Your physician may then examine your blood pressure with both a standard upper arm monitor along with a wrist monitor in the correct position in the same arm to evaluate the accuracy of your wrist device.

Home- or self-monitoring has several advantages over ambulatory (outpatient) monitoring, the most important of which can be price. Home monitoring is also a convenient way to monitor blood pressure over extended periods of time. Some studies even show that it motivates patients to monitor their health in general more closely.

However, the widespread use of home-monitoring is not yet a reality in most countries. Nonetheless, two important technological developments, inexpensive monitors with memory and systems for sending readings over Internet and telephone, could potentially lead to more widespread use of the devices.

It is recommended not to take measurements just after exercising, drinking or engaging in any activity that could likely have an effect on blood pressure readings. You should also be seated comfortably for 4 to 5 minutes with your upper arm at heart level.

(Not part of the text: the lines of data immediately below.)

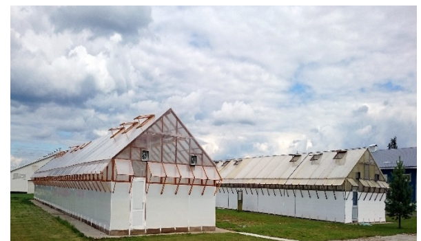
Тепличный гидропонный комплекс
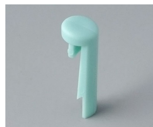
A1101005 Pin PA 6 (UL 94 HB) lagun
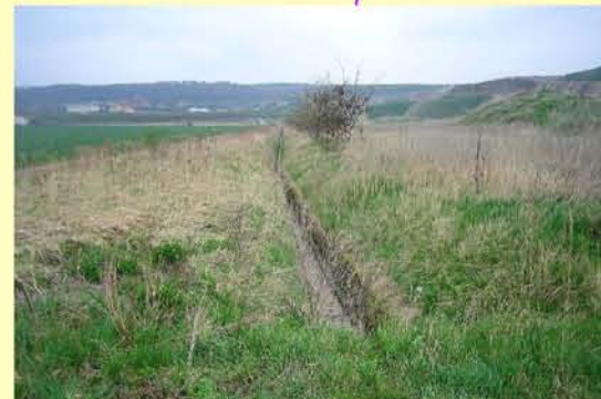
Graben vom Mühlal bei Roßleben, begradigt und stark ausgebaut
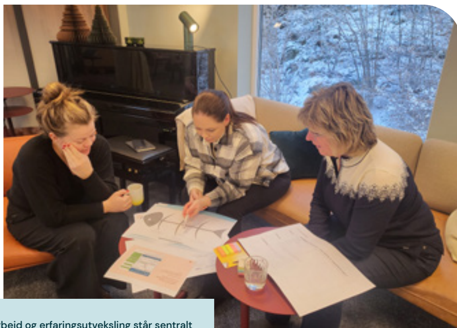
Gruppearbeid og erfaringsutveksling står sentralt i etterutdanningen Praktisk implementering (EPI).

En egen pilot ble startet opp i september 2022, med ti deltakere, hvorav to interne fra Verdighetsenteret. Deltakerne vil ha fullført etterutdanningen våren 2023. Kommunene Sandnes, Namsos, Øygarden og Bergen er representert i dette kullet.
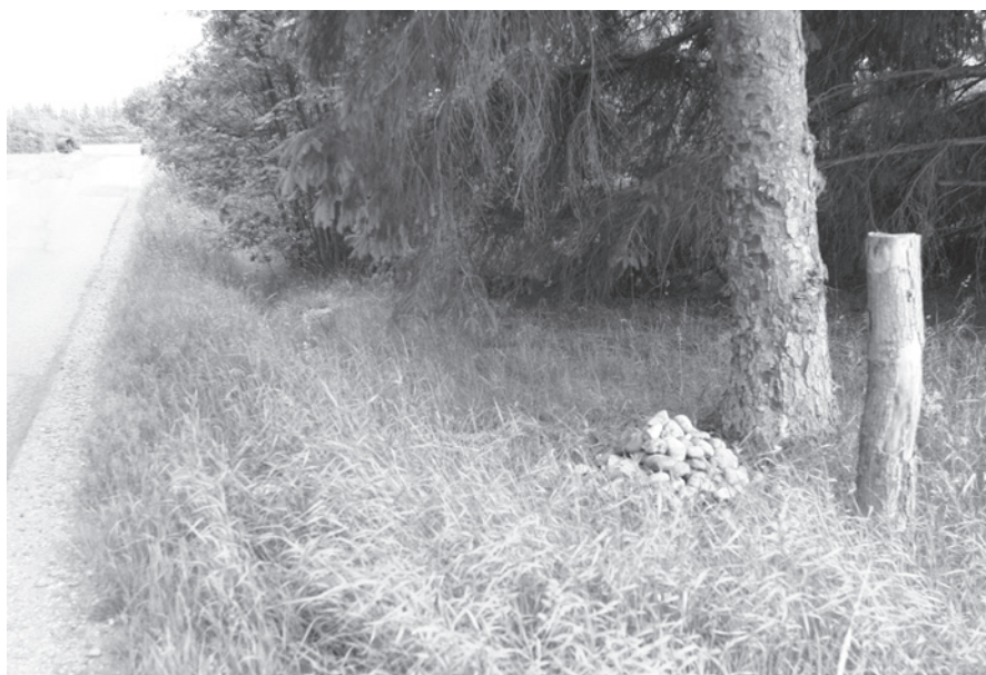
Fig. 2. Stenkastet på den tidligere Trøstrup Hede flyttet ca. 20 m mod syd, fotograferet i 2006.

The stone pile on the former Trøstrup Moor moved 20 m to the south, photographed in 2006.

You should take three readings in succession, with at least a 1-minute break in between. The first is normally the highest, and the average is regarded as the blood pressure reading. It is best to get your readings in the early morning and the evening.

Closing Thoughts

As more of us take advantage of the growing availability of powerful gadgets for fitness and health, as well as online information, we should be careful not to overestimate our ability to self-diagnose, or simply replace the expertise of a qualified medical technician. Be sure to research carefully before investing in any equipment and develop a keen understanding of its limitations as well as its features.

Finally, for those who demand a more full-featured, flexible and higher end product, it's recommended to look for something that contains sizing variations (for children and adults, for example), memory or statistical features, so that you can keep track of changes in your blood pressure without having to keep these records elsewhere, as well as other features that bring detailed medical measurement statistics to you quickly and easily.

Be warned that better features and flexibility obviously costs a bit more. Nevertheless, they often rival the devices found in clinics, ambulances and hospitals, without necessitating you go to medical school to get a detailed blood pressure measurement for you or your loved ones.

Moreover, the ability to transfer measurement data or sync with your computer is an increasingly useful feature, and the top line devices have this included as standard.